Naciones Unidas alerta: Una amenaza científica se cierne sobre el continente blanco, el pedazo del planeta más susceptible a cualquier modificación de su entorno.

Las grandes compañías farmacéuticas son presa de una nueva fiebre del oro, cuyo objetivo son los diminutos microorganismos que logran sobrevivir en uno de los ecosistemas más inhóspitos de la
Tierra y que están siendo expoliados para investigar nuevos anticongelantes, productos de cirugía y hasta cremas para tratar la piel y las uñas.

La voz de alarma sobre el peligro que corre la Antártida -que se añade al que produce el calentamiento del planeta- la ha dado un equipo de investigadores australianos de la Universidad de las Naciones Unidas, Sam Johnston y Dagmar Lohah.

Johnston y Lohah han centrado su trabajo en los organismos extremófilos, es decir, aquellos que son capaces de sobrevivir en unas condiciones extremas, en este caso incluso, por debajo del
límite de congelación, pero también al de 100 grados centígrados, con tóxicos metálicos o en una salinidad muy elevada, situaciones que hacen imposible otro tipo de vida. Con metabolismos que son muy diferentes a los de los microbios normales, estos microorganismos suelen encontrarse en los fondos abisales del océano, a cientos de metros bajo la superficie terrestre, en ríos contaminados,junto a fumarolas de volcanes y, como no, en la Antártida.

Esta peculiaridad ha desatado el interés de las farmacéuticas e investigadores de todo el mundo, deseosos de encontrar inexplorados caminos que sirvan para descubrir nuevos medicamentos y productos que puedan tener un interés comercial.

Este es el punto que preocupa a Naciones Unidas, cuyos investigadores han comprobado que sólo en Estados Unidos, ya hay 300 referencias a la Antártida en la Oficina de Patentes basadas en la bioprospección del continente, mientras que en el
departamento correspondiente de la Unión Europea se han registrado otras 62 en los últimos años. «La búsqueda de estas formas de vida para hallar tratamientos contra el cáncer, antibióticos o productos industriales, recuerda a la fiebre del oro del siglo XlX», señala el informe. Y añade que, ante tamaño afán, se está quedando obsoleta la legislación que protege al
continente, el llamado Tratado Antártico, dado que no regula la propiedad de los materiales genéticos que de allí se sacan, sobre los que se consiguen patentes a decenas de miles de kilómetros sin considerar el daño ambiental que se puede causar al entorno.

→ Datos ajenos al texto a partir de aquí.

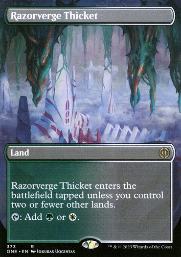 Razorverge Thicket (Borderless Alternate Art) [Phyrexia: All Will Be One]Set: Phyrexia: All Will Be One Type: Land Rarity: Rare Razorverge Thi...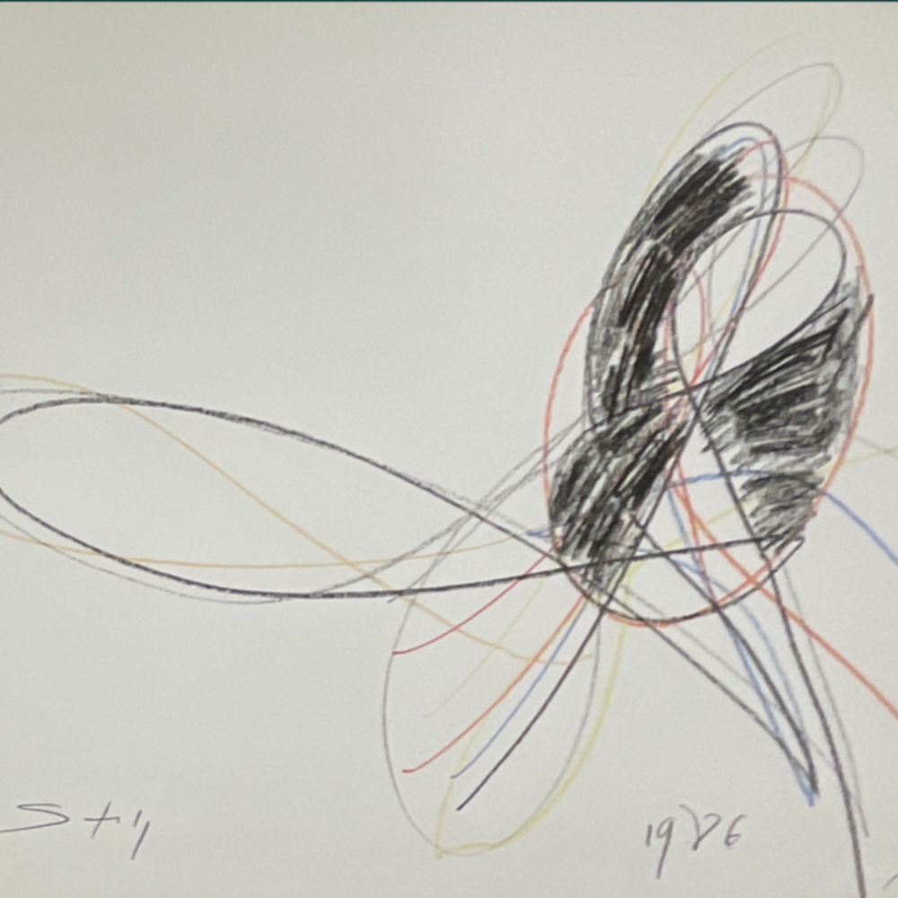 Framed in walnut using archival materials.  Artist’s signature, title, and a drawing on former backing board visible en verso protected by an acrylic sheet.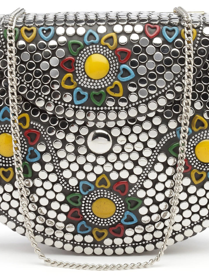 Clutch from Mosaic Collection. Crafted with Metal fabric, this Clutch features a Mosaic Embellished Pattern. It has 1 main compartment secured with a Click closure. The Shoulder strap makes it convenient to carry around everywhere.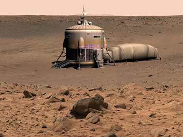 КОСМОС: Если завтра на Марс Автор: Александр Бумагин Первого апреля принято рассказывать всякие небылицы. Поэтому мы с чистой совестью поставили статью про пилотируемые полеты на Марс именно в первоапрельский номер. Эта мечта начиналась с небылиц, которые на полном серьезе выдумывали наши отцы, а многое из того, что без всяких шуток предлагают для покорения Марса сегодня, небылицами назовут наши дети. Представьте, что в шестидесятых годах прошлого века на Марс в районе северного полюса высаживаются сразу пять аппаратов. Трое людей, сидящие в одном из них, на поверхности формируют состав из пяти платформ, на которых есть две ракеты для возврата, буровая установка, робот-манипулятор, летательный аппарат для разведки воздухом и, наконец, ядерная энергоустановка. Этот поезд на крупногабаритных колесах за один год проходит путь до другого полюса, экипаж собирает ценный научный материал, а потом с триумфом возвращается на орбиту, где его ждут еще трое космонавтов… Первоапрельская шутка? Вовсе нет. Это в действительности существовавший в ОКБ-1 Королева план покорения Красной планеты. Несмотря на то что появился он еще до полета Гагарина, готовили его не ради потехи. Да, серьезным планам пилотируемой экспедиции на Марс не пять-десять лет от роду. Первые работы российских ученых (Циолковский, Рюмин, Перельман) о межпланетных сообщениях увидели свет еще в начале прошлого века. Немец фон Браун в 1952 году опубликовал проект полета на Марс, а вскоре после запуска первого спутника над тем же вопросом стали думать в ОКБ-1, потом в США… На заре космической эры, в 1959 году, под руководством Глеба Максимова был подготовлен проект «Тяжелый межпланетный корабль» (ТМК). Корабль, весящий 75 тонн, должен был взлететь с Земли с тремя космонавтами на борту, отправиться к Марсу, облететь его и пуститься в обратный путь. На Землю возвращался лишь маленький спускаемый аппарат, все прочее «дарилось» Солнцу. Через несколько лет наработки ТМК лягут в основу гораздо лучше продуманного проекта МАВР, который, тем не менее, будет признан неудачным. В том же 1959 году конкурирующая группа конструкторов, ведомая Константином Феоктистовым, начала работу над принципиально другим проектом ТМК. Кораблю не нужно было стартовать с Земли целиком. Он должен был собираться на орбите и только потом отправиться к Марсу. Проект предусматривал высадку трех человек на Марс (еще трое оставались на орбите). В первоначальном виде эти планы оказались неосуществимы, но позднее из них вырос проект «Аэлита», а главная идея модульности межпланетного корабля, собираемого в космосе, жива до сих пор и используется как основа для всех перспективных разработок. Общими для наших проектов всегда оставались электрореактивные двигатели (ЭРД) межпланетного корабля. Эти двигатели обладают малой тягой, но могут работать в течение длительного времени. Их большое число делает двигательную подсистему надежной, а ее элементы — взаимозаменяемыми. Поначалу источником энергии для таких двигателей видели небольшой ядерный реактор. Двигатели в космических полетах решают если не все, то очень многое. На отказы ракетной техники приходится большая часть всех неполадок в этой отрасли, и, несмотря на всеобщее преобладание ракет, работающих на принципе окисления топлива, поиски лучшего решения здесь никог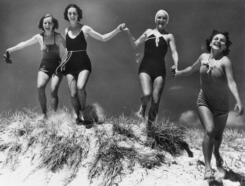 Young women running over a sand dune on an unidentified beach, ca. 1935 by State Library of Queensland, Australia on Flickr.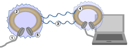 4) Electricity picked up by laptop's antenna, which must also be resonating at 10MHz. Energy used to re-charge device

La investigadora española Asunción Ríos, del Instituto de Ciencias Ambientales del CSIC donde trabaja en el estudio de estos microorganismos, señalaba a EL MUNDO que «ciertamente, debería haber un control estricto de las investigaciones, pero sin impedirlas, porque son importantes para averiguar por ejemplo, cómo está afectando el cambio climático a estos extremófilos de la Antártida».

Ciencia y Comercio:
Pero la línea que separa la ciencia del comercio es muy sutil, dado que muchos grupos científicos los componen consorcios mixtos de universidades y farmacéuticas, según alerta Sam Johnston.
De hecho menciona el caso de la glicoproteína, un microorganismo que impide a los peces congelarse en la Antártida y que ha ayudado a que el pescado congelado dure más, o a producir plantas que se conserven bajo cero.
Otro producto, de origen español, se ha extraído de la bacteria Pseudoalteromona antártica y se ha patentado para curar heridas y tratar la piel y las uñas, explicó el investigador en su informe.

«El Tratado Antártico no regula estas ctividades, por lo que es urgente actuar antes de que se convierta en un problema, como ya se hizo antes con el turismo, la minería o la caza de ballenas», señala Johnston.